■ Exercise goal:
Would you output all the lines below precisely as they stand, leaving each picture out?

■ Given information:
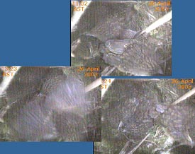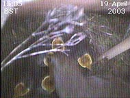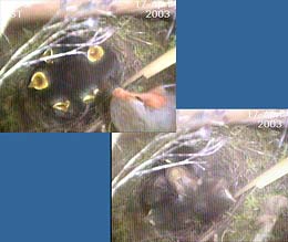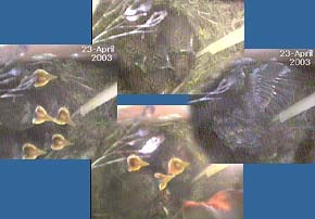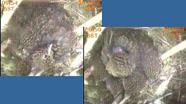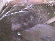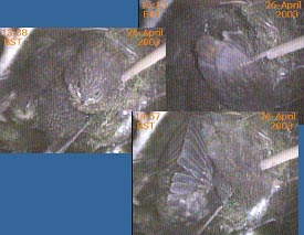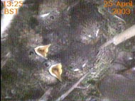 This webcam image caught the female just after she had removed a faecal sac from the chick on the left. This usually happens just after the chick has been fed - the chick turns around and positions its rear end over the side of the nest cup.
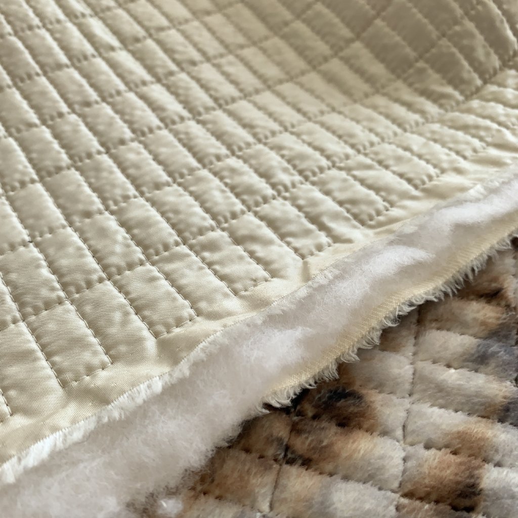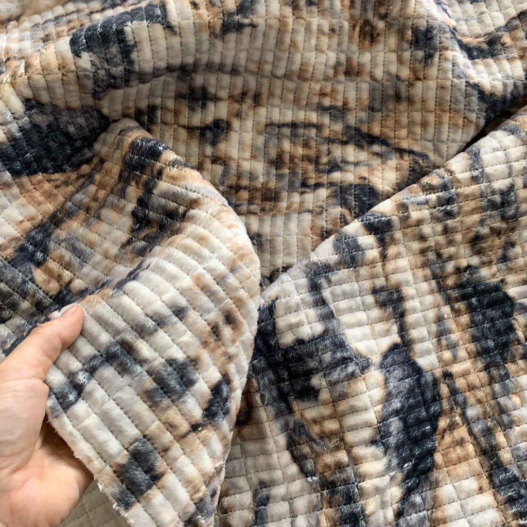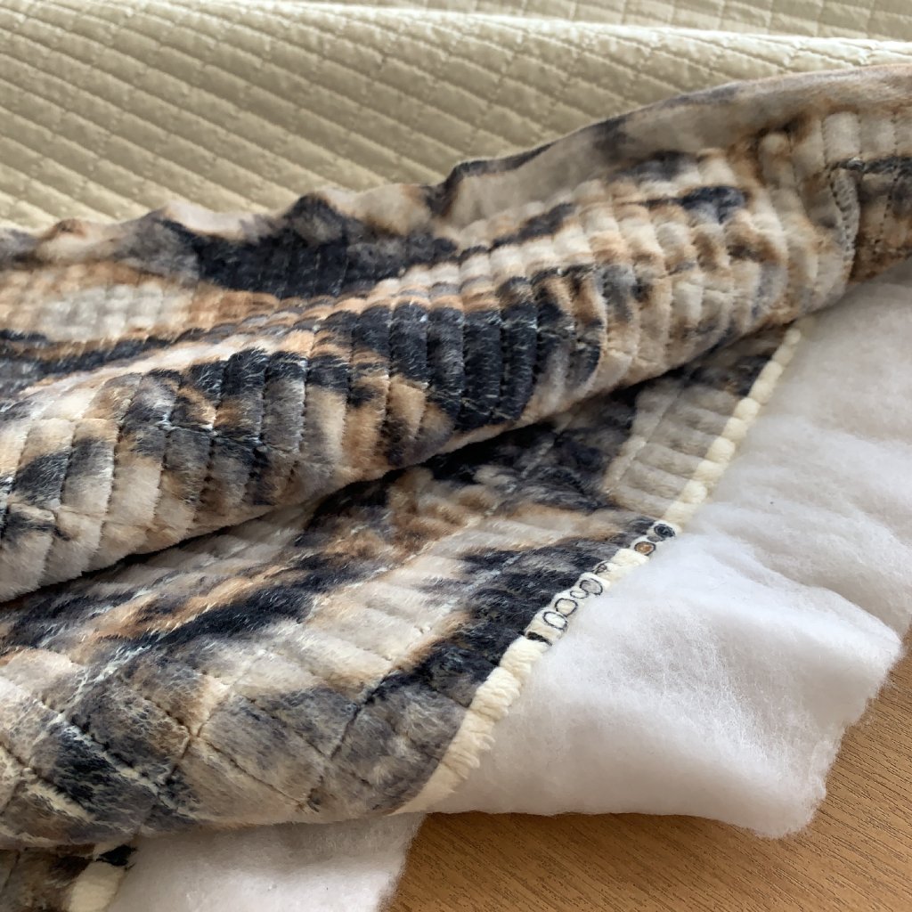 Oboustranný prošev, krémový šusťák a umělý fleece se zvířecím vzorem
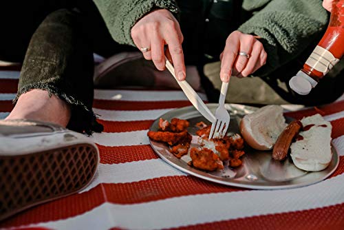 The best seasoning for a meal is fresh air! With our 16-piece cutlery set, you’ll be able to enjoy a great picnic or campfire meal with 4 friends. Our cutlery is crafted from polypropylene, so it’s much stronger than ordinary plastic utensils. Our utensils are fully reusable, and dishwasher-friendly. We include 4 forks, 4 tablespoons, 4 knives and 4 teaspoons.
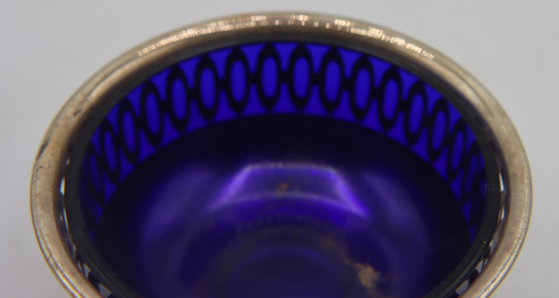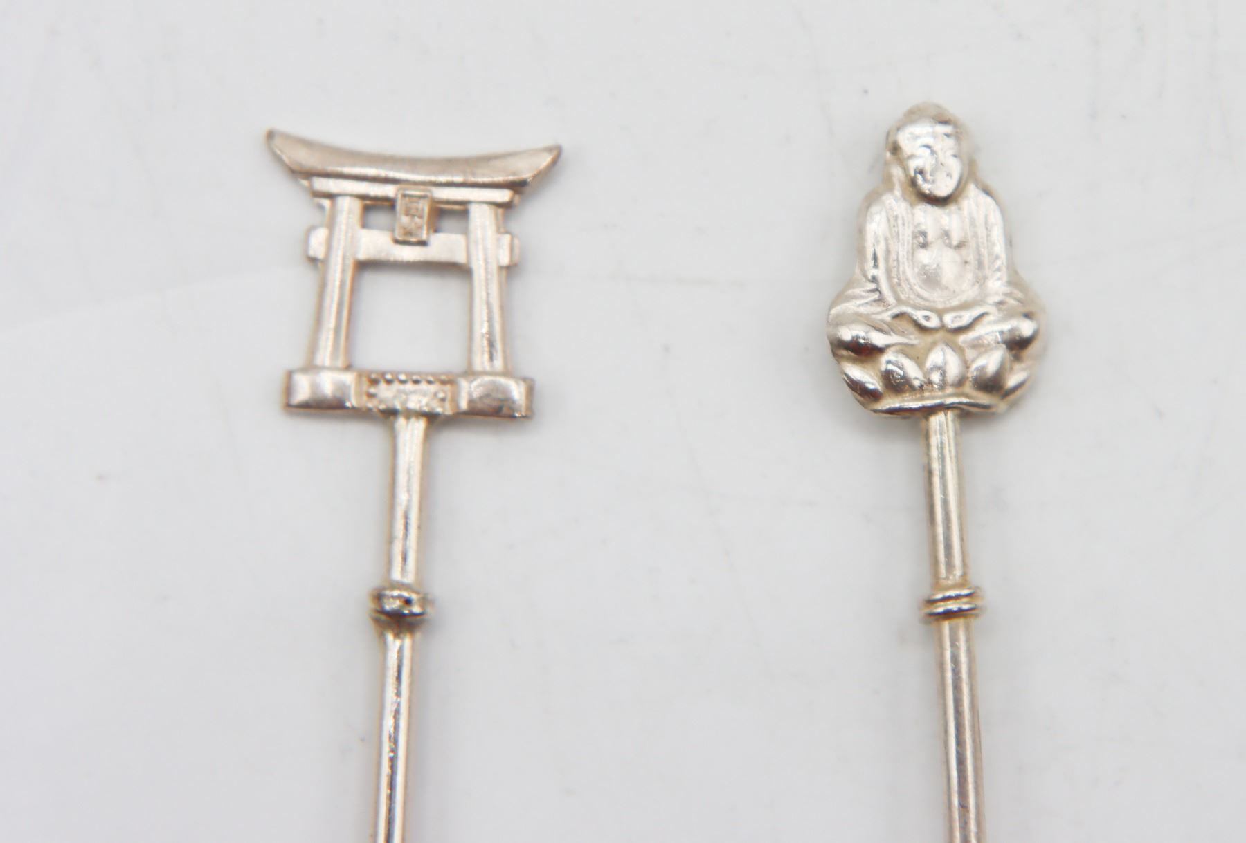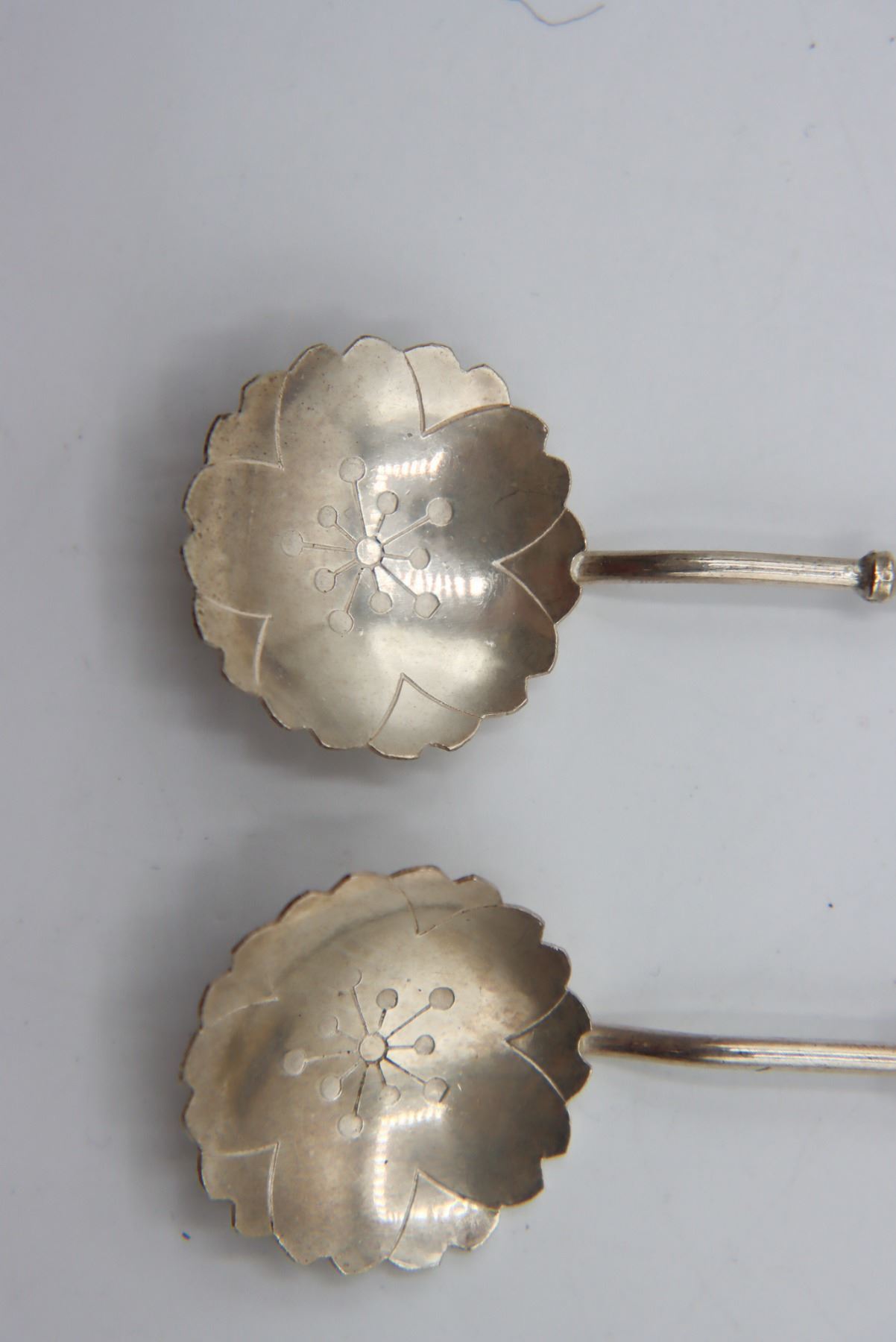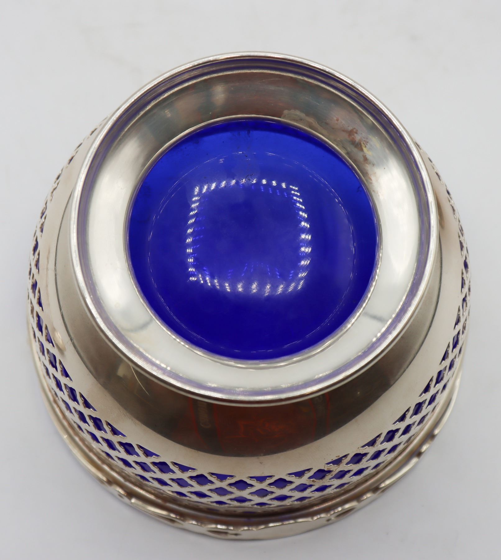 Pair of lovely vintage reticulated baskets with cobalt blue glass inserts. Basket with handle is marked Gorham Sterling 90, other basket is silver-plate. Tops of spoons are finished with Far Eastern imagery and are marked sterling 950.

■ Solution to the problem:
 This webcam image caught the female just after she had removed a faecal sac from the chick on the left. This usually happens just after the chick has been fed - the chick turns around and positions its rear end over the side of the nest cup.
 Oboustranný prošev, krémový šusťák a umělý fleece se zvířecím vzorem
 The best seasoning for a meal is fresh air! With our 16-piece cutlery set, you’ll be able to enjoy a great picnic or campfire meal with 4 friends. Our cutlery is crafted from polypropylene, so it’s much stronger than ordinary plastic utensils. Our utensils are fully reusable, and dishwasher-friendly. We include 4 forks, 4 tablespoons, 4 knives and 4 teaspoons.
 Pair of lovely vintage reticulated baskets with cobalt blue glass inserts. Basket with handle is marked Gorham Sterling 90, other basket is silver-plate. Tops of spoons are finished with Far Eastern imagery and are marked sterling 950.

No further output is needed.